8 November 2021 by Pharmorage

Valentin R, Wong C, Alharbi AS, Pradeloux S, Morros MP, Lennox KA, Ellyard JI, Garcin AJ, Ullah TR, Kusuma GD, Pépin G, Li HM, Pearson JS, Ferrand J, Lim R, Veedu RN, Morand EF, Vinuesa CG, Behlke MA, Gantier MP. Sequence-dependent inhibition of cGAS and TLR9 DNA sensing by 2′-O-methyl gapmer oligonucleotides. Nucleic Acids Res. 2021 Jun 21;49(11):6082-6099. DOI: 10.1093/nar/gkab451

Abstract:

Oligonucleotide-based therapeutics have the capacity to engage with nucleic acid immune sensors to activate or block their response, but a detailed understanding of these immunomodulatory effects is currently lacking.
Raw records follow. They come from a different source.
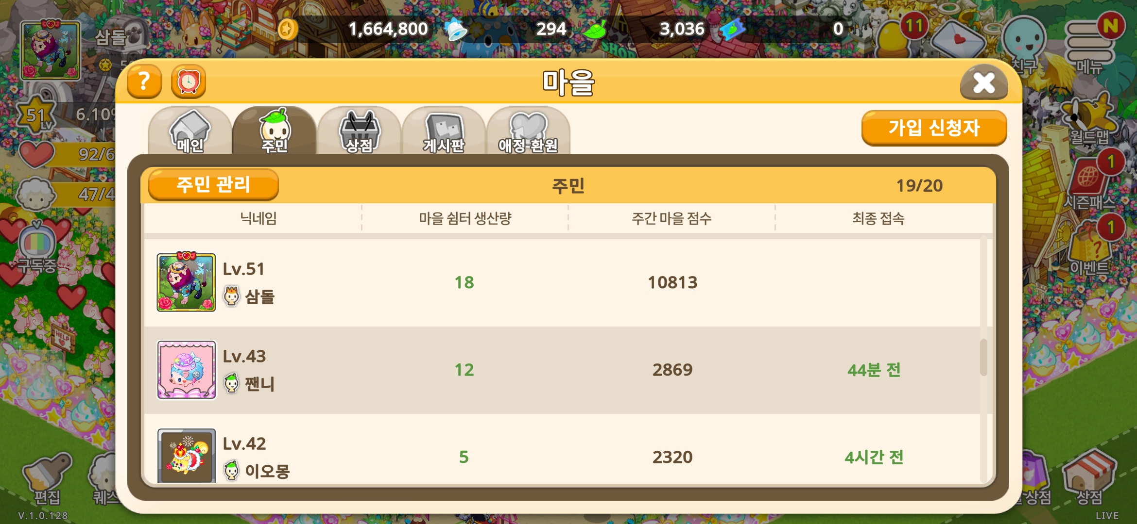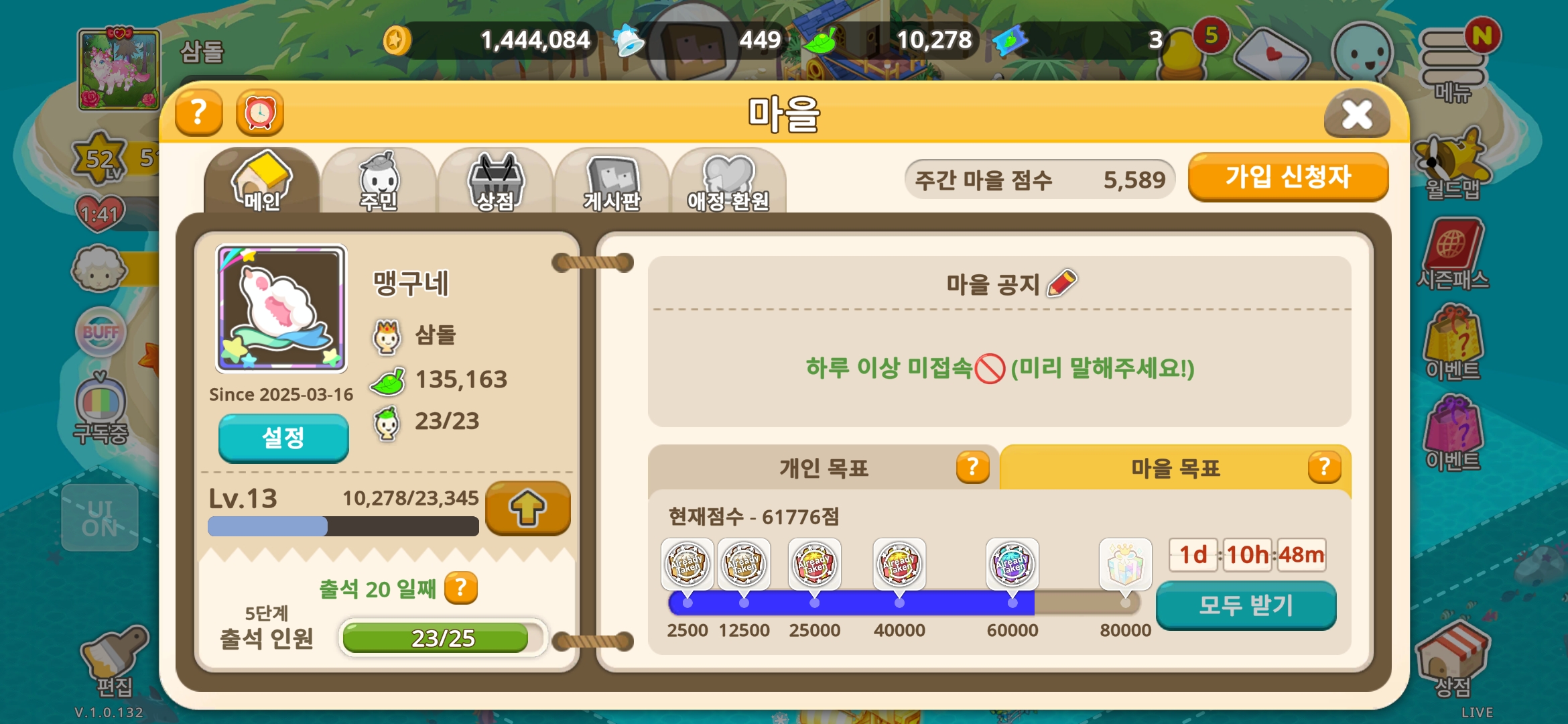 마을 이장으로써 1만점 주간으로 열일 하고 있습니다!!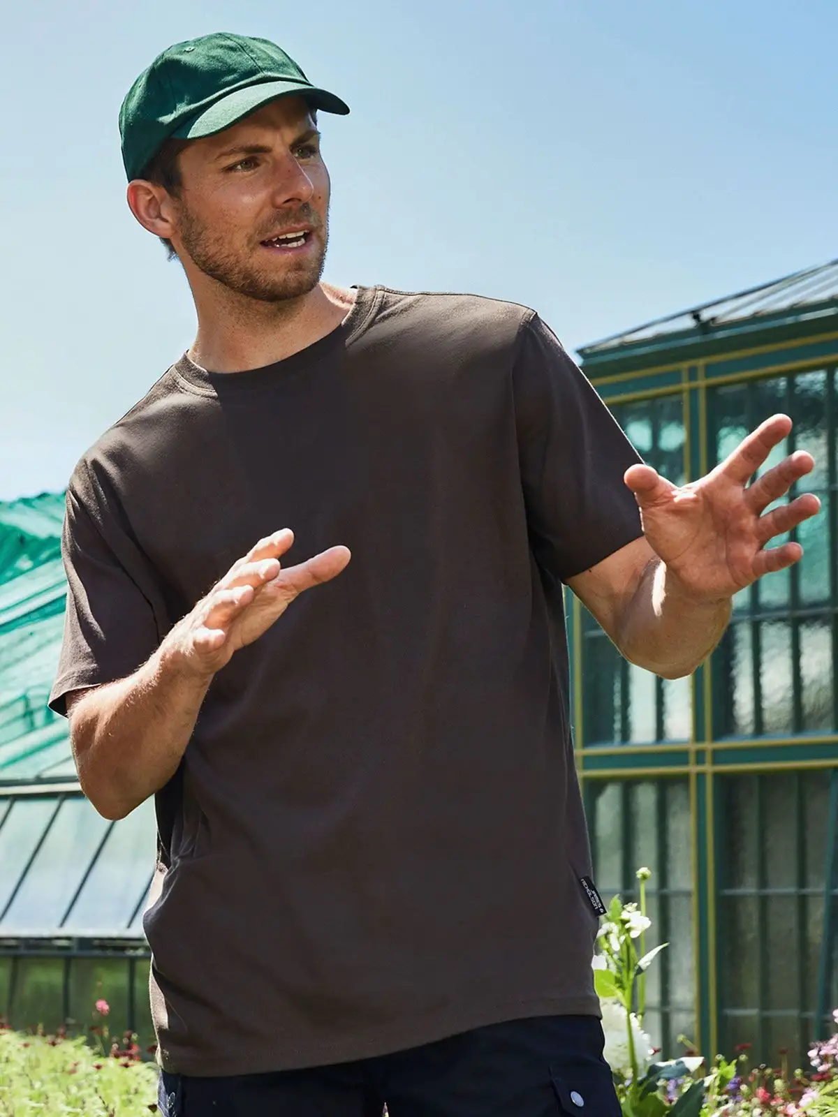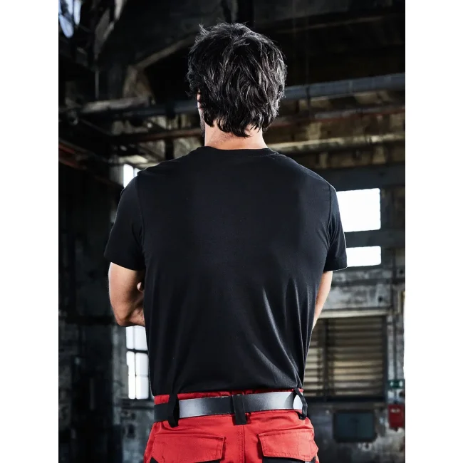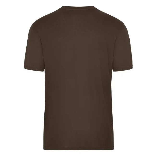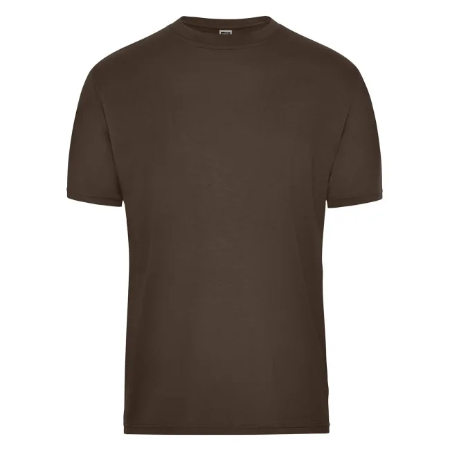 50% cotone 50% poliestere. T-shirt in tessuto misto, cotone organico ring-spun e poliestere per un perfetto mantenimento della forma e resistenza al lavaggio, collo rotondo con elastan, nastro di rinforzo al collo, lavabile a 60ยฐ C, ideale per asciugatura in asciugatrice.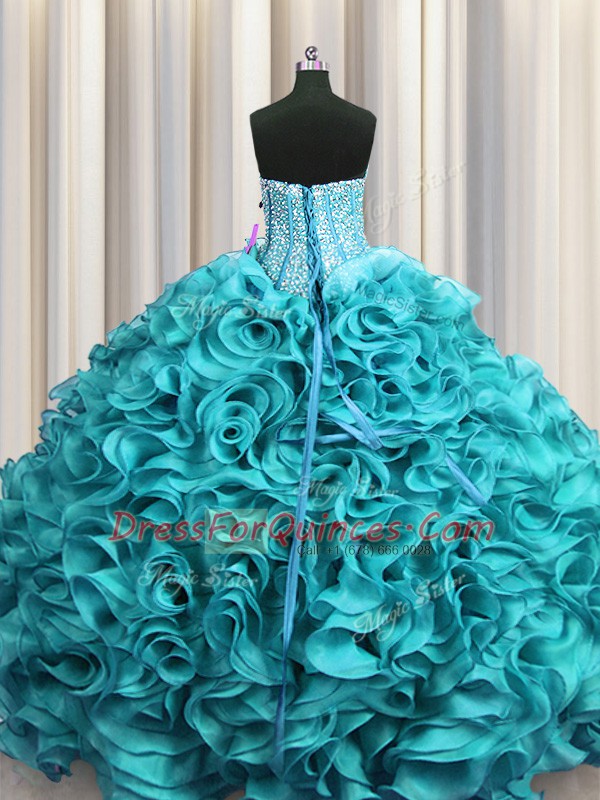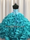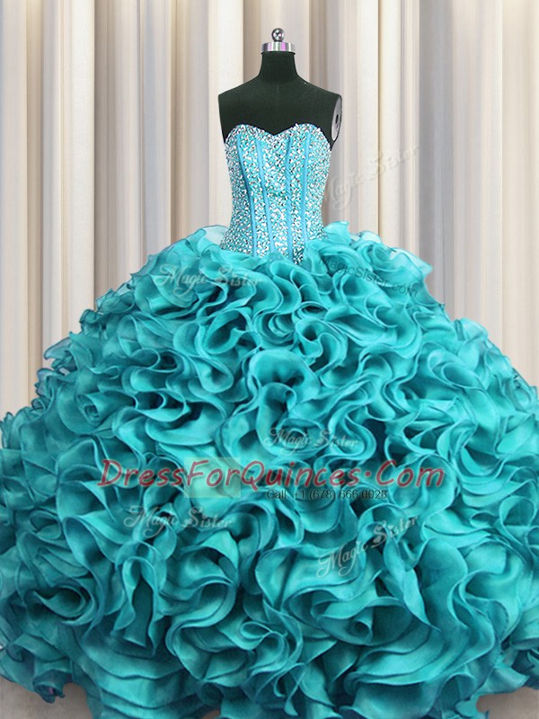 Classical Visible Boning Sweetheart Sleeveless Quinceanera Dresses Floor Length Beading and Ruffles Aqua Blue Organza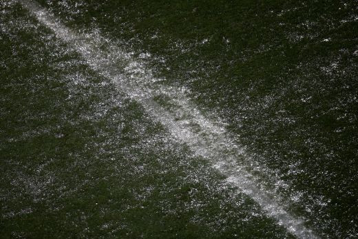 Dupa aproape o ora de pauza, meciul s-a reluat. Gazonul arata bine in ciuda ploii torentiale. Organizatorii au reusit sa scoata toata apa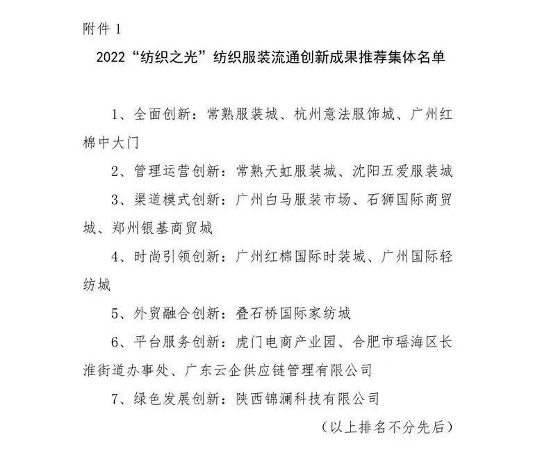 | 2022“紡織之光”紡織服裝流通創新成果推薦名單公示 |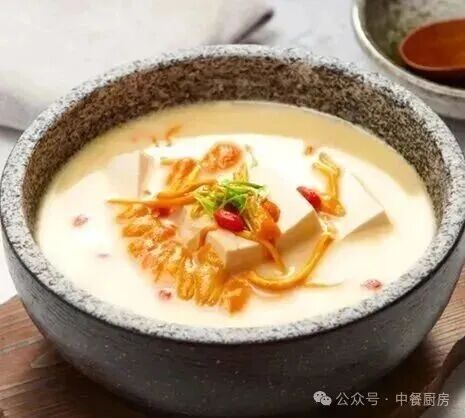 自然鸡汤粉10克、 厨师浓汤8克 、 鸡精5克、 真味海珍酱8克 、 海胆酱10克 、 盐2克、 白胡椒粉0.5克、 二汤400克、 豆浆50克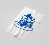 Una pila di pancake conditi con sciroppo e una guarnizione è rappresentata in uno stile minimalista di line art blu. Il design enfatizza la semplicità e le immagini a tema colazione.

We recently showed that 2_-O-methyl (2_OMe) gapmer antisense oligonucleotides (ASOs) exhibited sequence-dependent inhibition of sensing by the RNA sensor Toll-Like Receptor (TLR) 7. Here we discovered that 2_OMe ASOs can also display sequence-dependent inhibitory effects on two major sensors of DNA, namely cyclic GMP-AMP synthase (cGAS) and TLR9. Through a screen of 80 2_OMe ASOs and sequence mutants, we characterized key features within the 20-mer ASOs regulating cGAS and TLR9 inhibition, and identified a highly potent cGAS inhibitor. Importantly, we show that the features of ASOs inhibiting TLR9 differ from those inhibiting cGAS, with only a few sequences inhibiting both pathways. Together with our previous studies, our work reveals a complex pattern of immunomodulation where 95% of the ASOs tested inhibited at least one of TLR7, TLR9 or cGAS by ≥30%, which may confound interpretation of their in vivo functions. Our studies constitute the broadest analysis of the immunomodulatory effect of 2_OMe ASOs on nucleic acid sensing to date and will support refinement of their therapeutic development.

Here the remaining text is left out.